> [The records]
[Start of section]

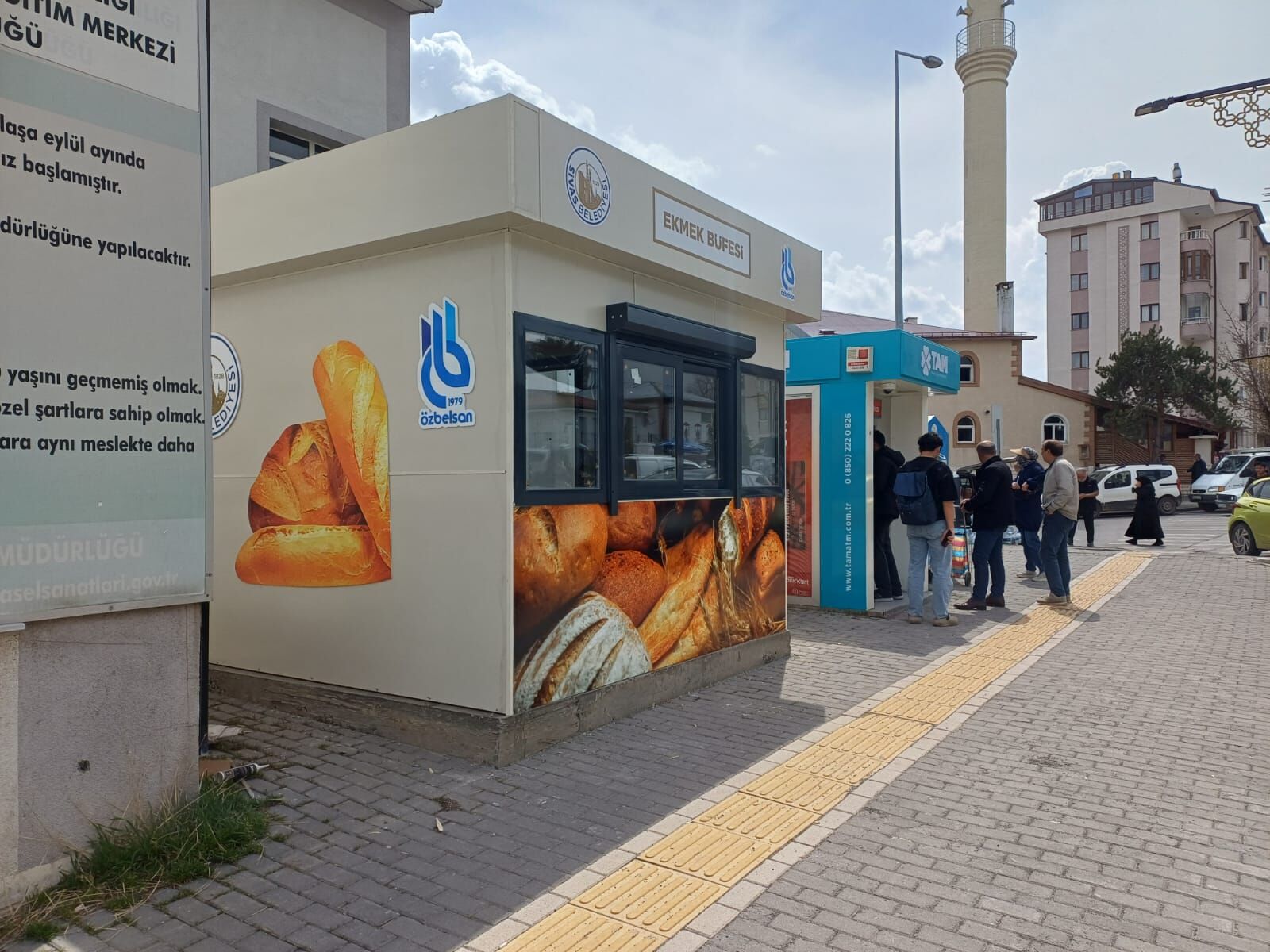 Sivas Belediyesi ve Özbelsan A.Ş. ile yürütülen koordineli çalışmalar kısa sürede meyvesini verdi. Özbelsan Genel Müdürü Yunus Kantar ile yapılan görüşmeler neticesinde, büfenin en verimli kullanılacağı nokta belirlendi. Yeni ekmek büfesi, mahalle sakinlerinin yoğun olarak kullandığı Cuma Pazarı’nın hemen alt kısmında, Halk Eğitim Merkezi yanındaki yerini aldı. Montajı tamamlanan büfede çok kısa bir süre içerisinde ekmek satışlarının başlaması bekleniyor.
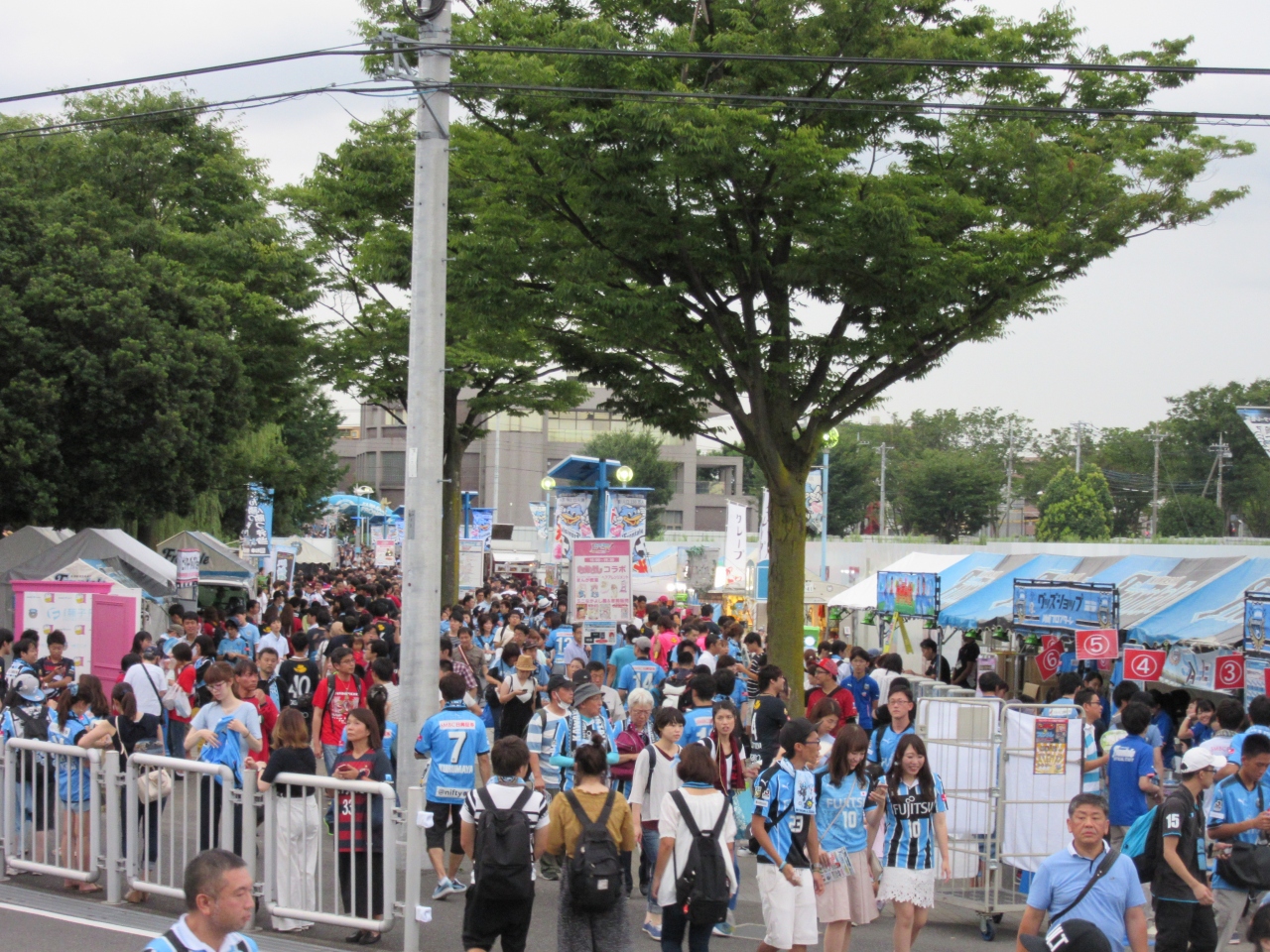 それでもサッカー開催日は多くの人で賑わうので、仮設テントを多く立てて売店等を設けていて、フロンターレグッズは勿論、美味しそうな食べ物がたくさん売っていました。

[End of section]
[Start of section]

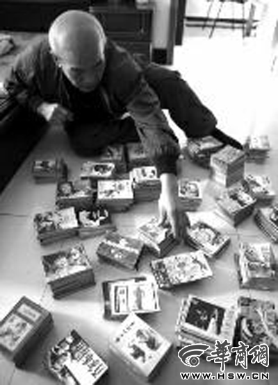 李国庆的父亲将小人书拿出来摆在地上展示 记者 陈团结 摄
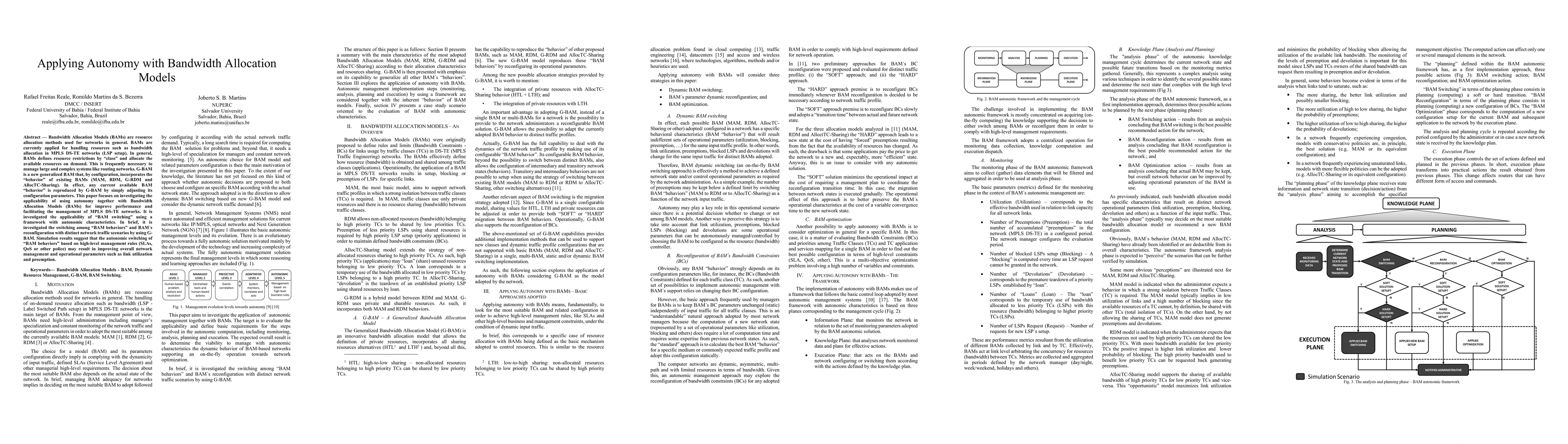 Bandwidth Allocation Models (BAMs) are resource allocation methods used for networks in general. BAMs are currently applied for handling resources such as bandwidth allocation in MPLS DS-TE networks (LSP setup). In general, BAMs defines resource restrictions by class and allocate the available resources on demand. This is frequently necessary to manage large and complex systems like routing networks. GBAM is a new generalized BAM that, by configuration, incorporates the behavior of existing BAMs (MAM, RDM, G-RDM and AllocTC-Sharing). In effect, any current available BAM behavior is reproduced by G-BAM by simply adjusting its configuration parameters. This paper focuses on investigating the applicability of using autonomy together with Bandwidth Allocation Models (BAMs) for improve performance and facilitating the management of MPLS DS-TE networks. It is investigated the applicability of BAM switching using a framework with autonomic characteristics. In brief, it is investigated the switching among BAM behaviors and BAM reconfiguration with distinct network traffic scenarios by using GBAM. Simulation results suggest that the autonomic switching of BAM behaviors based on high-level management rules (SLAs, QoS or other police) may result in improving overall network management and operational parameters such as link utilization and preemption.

[End of section]

> [What you are asked to do] To complete this exercise, transcribe exactly the lines above from the one that holds "Sivas Belediyesi ve" through the one that holds "それでもサッカー開催日は多く". Pictures stay out.

> [Exercise output]
 Sivas Belediyesi ve Özbelsan A.Ş. ile yürütülen koordineli çalışmalar kısa sürede meyvesini verdi. Özbelsan Genel Müdürü Yunus Kantar ile yapılan görüşmeler neticesinde, büfenin en verimli kullanılacağı nokta belirlendi. Yeni ekmek büfesi, mahalle sakinlerinin yoğun olarak kullandığı Cuma Pazarı’nın hemen alt kısmında, Halk Eğitim Merkezi yanındaki yerini aldı. Montajı tamamlanan büfede çok kısa bir süre içerisinde ekmek satışlarının başlaması bekleniyor.
 それでもサッカー開催日は多くの人で賑わうので、仮設テントを多く立てて売店等を設けていて、フロンターレグッズは勿論、美味しそうな食べ物がたくさん売っていました。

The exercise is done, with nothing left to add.